If we adopt this sense regarding teaching, it is possible that the task of educating can also be understood as a responsibility of transmitting the world in ways of lives and not leaving the rest alone barely with their own resources to cope with as good or bad as they can. It also means saying that between teaching and learning there is an abyss, an infinite distance.
Offering signs that others will decipher at their time and in their way: that is the question.
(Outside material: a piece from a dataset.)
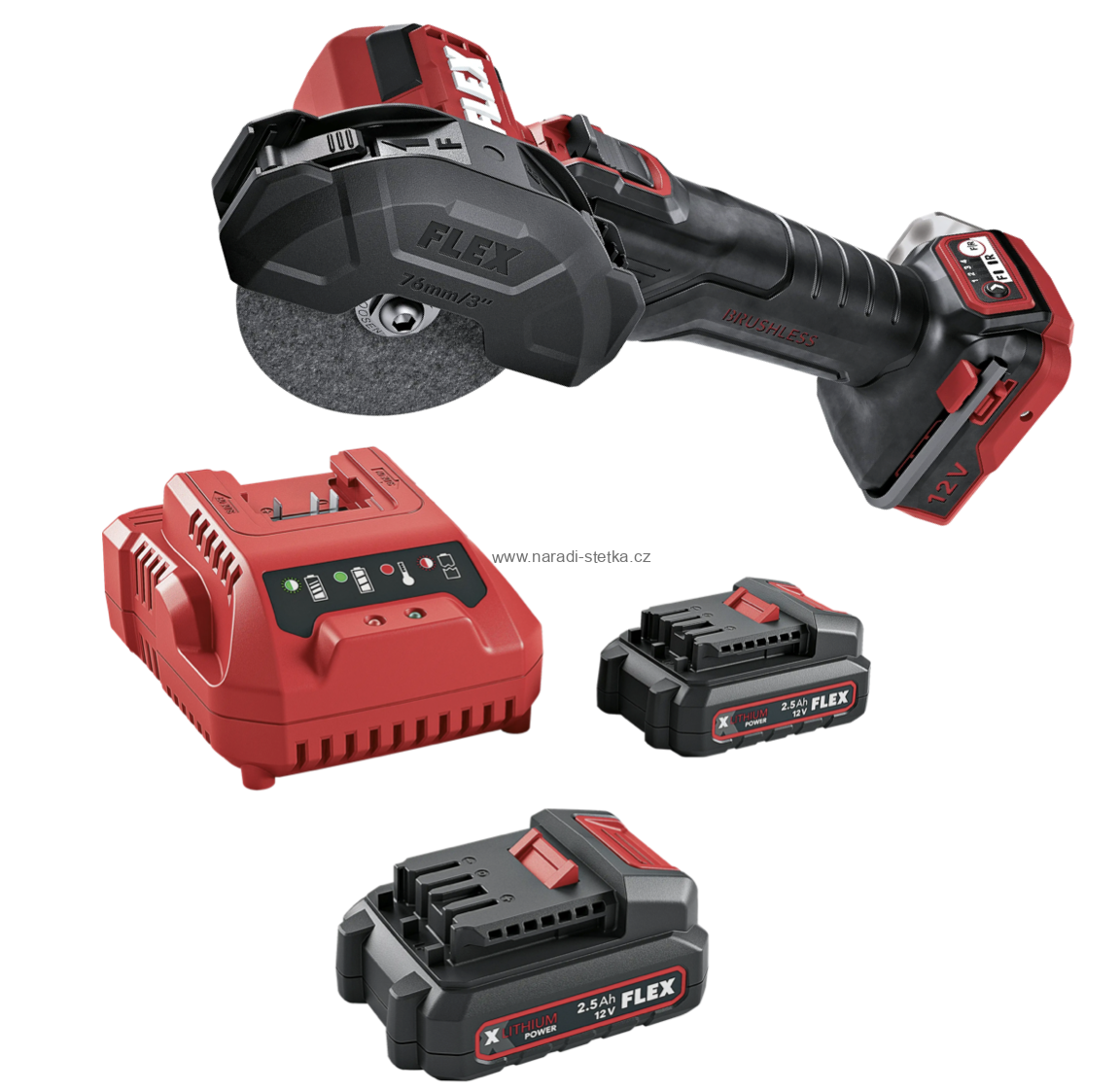 - 1x FLEX P-Set 12-22 Q, sada dvou akumulátorů 2,5 Ah, 12 V a nabíječky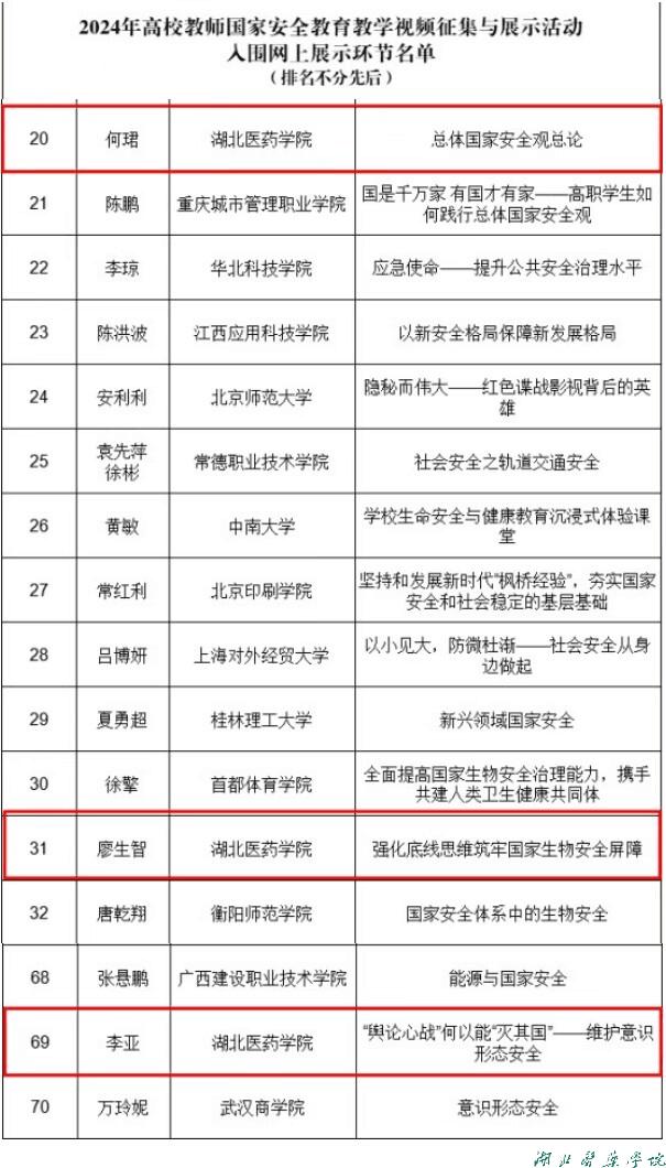 本网讯(通讯员 赵曼)在第九个全民国家安全教育日来临之际,在教育部思想政治工作司指导下,中国高等教育学会保卫学专业委员会、教育部高校思想政治工作创新发展中心联合举办2024年全国高校教师国家安全教育教学视频征集与展示活动中,我校马克思主义学院3名教师的作品经专家遴选入围优秀作品展,视频将在全国高校思想政治工作网、中国大学生在线、中国高等教育学会保卫学专业委员会微信公众号进行展示。此次教学展示活动历时一个月,我校从前期选题、教案准备、课件制作到视频录制进行了精心准备,作品在全国数百件作品中突围,顺利入围优秀作品展。

Teaching cannot cross through both aspects in the same way; it can be interested in that, yes, of course, but it cannot guarantee that what is learned is what is taught, or that what is learned is learned at the same time as it is taught.
That makes us face the second essential dimension of this discussion: how to think and how to make education be, in effect, for everybody; that is, neither for some nor for the others, but rather for what is common, the common good.
I would like to understand the common as the public, what is everybody’s, in effect. However, as soon as it is mentioned the “everybody,” the “totality,” I also feel that something escapes me.
From certain hegemonic past to certain plural present, something has weakened in the pedagogic construction process. We judge the past of school education as exclusionary, homogenizing and we wish for the future schools that listen to singular lives. However, how do we live in the present institutions, between an idea of the homogenous and the idea of the different?
Confusions are common and certain discouragement seems to occupy the place of the utopia. In principle, it is worth stating that schools are not already made, they need to be made. It seems a rather clumsy and too evident truth. However, it is worth insisting on it: schools do not possess a model external to themselves and it is its daily activities in the everyday gestures, words, and actions what produces it. Any attempt at showing a model of school inwardness from the exteriority—being that foreign or native—produces a change in language, a certain untranslatability.
I would like to summarize here this confusion in an idea not so clear, but that maybe it can help dissolve the opposition between the singular and the common: by teaching, you can teach anyone and each one.
What I need to teach—that is, what I already know and what I still do not know, the a lot and the few, the relevant and the superfluous, what is near and what is far away from my life and other lives—should be offered to whomever, despite how it is received, what s/he does with it, and when. If I do not direct the message to whomever, it would be impossible even to start to chat.
This is for me the most revealing and accurate notion of equality: to consider whomever, with no exceptions, an equal. Thus, equality cannot be something that will occur afterwards because of the effects of certain type of educational proposal, but rather it must be immediate, first. However, it is evident that also what is taught produces different effects in each one. Therefore, if the beginning of the educational is demarcated by equality, its destiny will, always, be the singularity. That is what the art of educating becomes: in knowing, in some way, in which moment we are targeting whomever and in which moment we are targeting each one.
And the future? I have problems with the idea of future in education. I am not convinced by those prebuilt or prefabricated futures. I am not moved by the image of what something, someone, will become afterwards. I have the impression that in the name of the future we have postponed the present, our only real time, our only existential time, where time, life, and world possess, perhaps, some sense.